Неунывающий дачник

          Июльский вечер осел туманной дымкой на влажные рельсы.
    
          Смеркалось.

          Я возвращалась домой с подмосковной дачи подруги. Настроение было наиприятнейшее – мы так душевно посидели в открытой беседке среди веток сирени и резеды, поболтали, повспоминали былое, попели. В завершение вечера после шашлычков, печеных овощей и прочая-прочая, по традиции выпили по бокальчику коллекционной Ливадии под виноградинку и чашечку крепкого турецкого кофе. Чудесный, чудесный был вечер! Хотелось петь, смеяться и делать глупости!

          И вот, электричка отчалила от маленькой платформы, я помахала оставшимся и завздыхала, заморгала, пытаясь унять навернувшиеся сентиментальные слезы. Июльский вечер осел туманной дымкой, ну и все такое… Ах, как, черт возьми, бывают упоительны в России вечера!

           Я устроилась у окошка, благо свободных мест было много - основной поток дачников будет завтра, в воскресенье. В вагоне расположилось не больше десяти человек.
 
           Через ряд от меня восседал крупный импозантный мужчина в белом льняном костюме, шляпе и с портфелем на коленях. Он улыбался и что-то напевал себе под нос. Тоже, наверное, возвращался из гостей. Чуть подальше сидел юноша в наушниках и бейсболке. Он слушал свою музыку прикрыв глаза, подергивая головой и барабаня пальцами по коленке. Через проход от него расположился мрачный пожилой гражданин.  Временами он морщился, потирал правый бок и поглядывал на часы. Еще дальше спала бабулька в панаме, рядом - молодая женщина с девочкой на коленях, а дальше мне надоело разглядывать.
 
           Электричка мягко покачивалась и постукивала, в открытую форточку врывался свежий вечерний ветерок, с шумом проносились мимо встречные поезда. Круглая и желтая, как японец на старинных гравюрах, луна прицепилась к моему окошку и ехала с нами зайцем. Хорошо!
 
          Я поумилялась еще немного и достала из сумочки небольшую книжку в мягком переплете - подруга сунула мне ее почитать в дороге. Увидав на обложке «А.П.Чехов «Рассказы», даже засмеялась от радости:  ну надо же, еще и любимый Чехов под занавес. Открыла наугад – «Жалобная книга». Ну как же, классика жанра, шедевр – всего-то записи в вокзальную Книгу жалоб, а буквально видишь каждого персонажа. Достаточно одной гениальной фразы, и возникает эффект узнавания, словно встречаешь своих старых знакомых, словно и не было этих ста лет. Ну как не перечитать. Так-так…

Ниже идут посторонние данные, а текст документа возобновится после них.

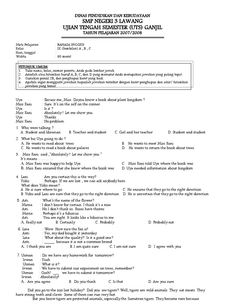 Soal Pas Uas Bahasa Inggris Kelas 9 Tahun 2018 2019 Bahasa Inggris Smp Mts

«Ты картина, я портрет, ты скотина, а я нет. Я — морда твоя».
«Подъезжая к сией станцыи и глядя на природу в окно, у меня слетела шляпа. И. Ярмонкин».
«Кто писал не знаю, а я дурак читаю»…

          «Как хорошо, - думала я, читая с детства знакомые фразы, - Только Антон Палыч умел так по-доброму, так по-дружески писать о человеческих слабостях. Вот так почитаешь его, и становится хорошо и покойно, как в детстве, и совсем не стыдно, и совсем не страшно и не обидно - все такие, не я одна».
 
          Вагон мерно покачивался, мысли мои путались, глаза слипались. Я прислонилась головой к окну и попыталась продолжить чтение.
 
«В ожидании отхода поезда обозревал физиогномию начальника станции и остался ею весьма недоволен. Объявляю о сем по линии. Неунывающий дачник».
«Я знаю кто это писал. Это писал М. Д.»

          Это последнее, что я успела прочесть перед тем, как перед моим взором угас свет, и самый древний синематограф запустил свой сеанс…

                *   *   *   *

        Июльский вечер осел туманной дымкой на влажные рельсы. Смеркалось.

        Учитель словесности Курской гимназии Дмитрий Васильевич Мотыльков прохаживался взад-вперед по перрону пригородной станции в ожидании поезда.

        Настроение у него было наиприятнейшее – он возвращался от одной симпатичной особы, снимавшей дачку неподалеку от этого полустанка. В свои сорок с хвостиком Дмитрий Васильевич оставался холостяком, при этом слыл большим ценителем женского общества и душкой. Маленькие романчики со скучающими дамочками ни к чему его не обязывали и наполняли жизнь легкостью бытия и завистью его женатых товарищей.

        На Дмитрии Васильевиче был чуть измятый белый парусиновый костюм и соломенная шляпа канотье, прикрывавшая розовую лысинку на затылке.  Он был высок, упитан и гладко выбрит. На добродушном лице блуждала мягкая улыбка, отчего румяные щечки его то и дело украшались ямочками. В руках он держал пузатый коричневый портфель, из которого торчало заткнутое бумажкой зеленое горлышко бутылки.

       Смущенно оглядываясь, Дмитрий Васильевич периодически заходил за густые ветви сирени, нависавшие над низеньким заборчиком перрона, и недолго возился там над портфелем. Довольно крякнув, он выходил из ветвей во все более веселом расположении духа, потирая мясистый нос и похрустывая молодым яблочком. Приятные воспоминания навевали на него некий лиризм, и он в пол голоса напевал полузабытый романс: «Прощайте, дивные чертоги, и ты, любившая меня… траля-ля-ля, траля-ляля».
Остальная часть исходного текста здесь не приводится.